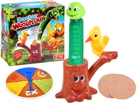 Gra Dzięcioł chore drzewo - to świetna gra dla całej rodziny. Znakomicie sprawdzi się podczas długich jesienno-zimowych wieczorów. Celem gry jest pozbycie się z pnia drzewa ukrytego w nim zielonego robaczka, który je obgryza.
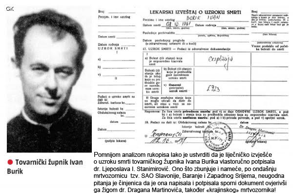 Kontroverzno je i liječničko izvješće mrtvozornice dr. Ljeposave Stanimirović od 12. listopada 1991. o uzroku Burikove smrti po kojemu on nije strijeljan, nego je poginuo od eksplozije. Postoje svjedoci koji su vidjeli Burikovo tijelo i uočili rupe od metaka. Više preživjelih tovarničkih logoraša, među kojima i Pavo Mijoković, svjedoči da su mještani našli velečasnog Burika mrtvoga na dvosjedu u podrumu. "Otkopčao sam mu vestu" - doslovce je izjavio - "i vidio rupe od metaka na njegovim prsima. Velečasnog smo stavili u sivu najlonsku vreću, odnijeli ga na traktorskoj prikolici na groblje i tamo ga položili pored ostalih ubijenih mještana."
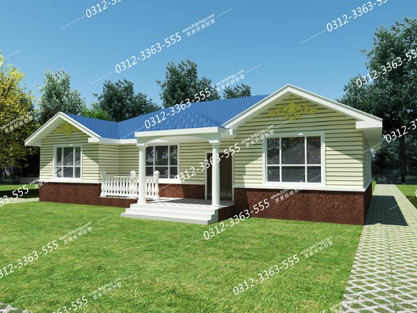 屋顶造型的设计简洁却不失美感,充分的展现出了对称性的美,蓝色的沥青瓦在阳光的照射下熠熠生辉;门厅顶子的造型也是颇具风格。
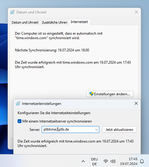 Habe schon sämtliche Einstellungen unternommen, darunter in der Registrie, Windosupdates und auch mal den anderen Zeitserver time.windows.com ausprobiert, aber nichts hat geholfen.

◆ **Activity**
Would you copy all the material exactly, dropping the pictures?

◆ **Answer to the problem**
 Gra Dzięcioł chore drzewo - to świetna gra dla całej rodziny. Znakomicie sprawdzi się podczas długich jesienno-zimowych wieczorów. Celem gry jest pozbycie się z pnia drzewa ukrytego w nim zielonego robaczka, który je obgryza.
 Kontroverzno je i liječničko izvješće mrtvozornice dr. Ljeposave Stanimirović od 12. listopada 1991. o uzroku Burikove smrti po kojemu on nije strijeljan, nego je poginuo od eksplozije. Postoje svjedoci koji su vidjeli Burikovo tijelo i uočili rupe od metaka. Više preživjelih tovarničkih logoraša, među kojima i Pavo Mijoković, svjedoči da su mještani našli velečasnog Burika mrtvoga na dvosjedu u podrumu. "Otkopčao sam mu vestu" - doslovce je izjavio - "i vidio rupe od metaka na njegovim prsima. Velečasnog smo stavili u sivu najlonsku vreću, odnijeli ga na traktorskoj prikolici na groblje i tamo ga položili pored ostalih ubijenih mještana."
 屋顶造型的设计简洁却不失美感,充分的展现出了对称性的美,蓝色的沥青瓦在阳光的照射下熠熠生辉;门厅顶子的造型也是颇具风格。
 Habe schon sämtliche Einstellungen unternommen, darunter in der Registrie, Windosupdates und auch mal den anderen Zeitserver time.windows.com ausprobiert, aber nichts hat geholfen.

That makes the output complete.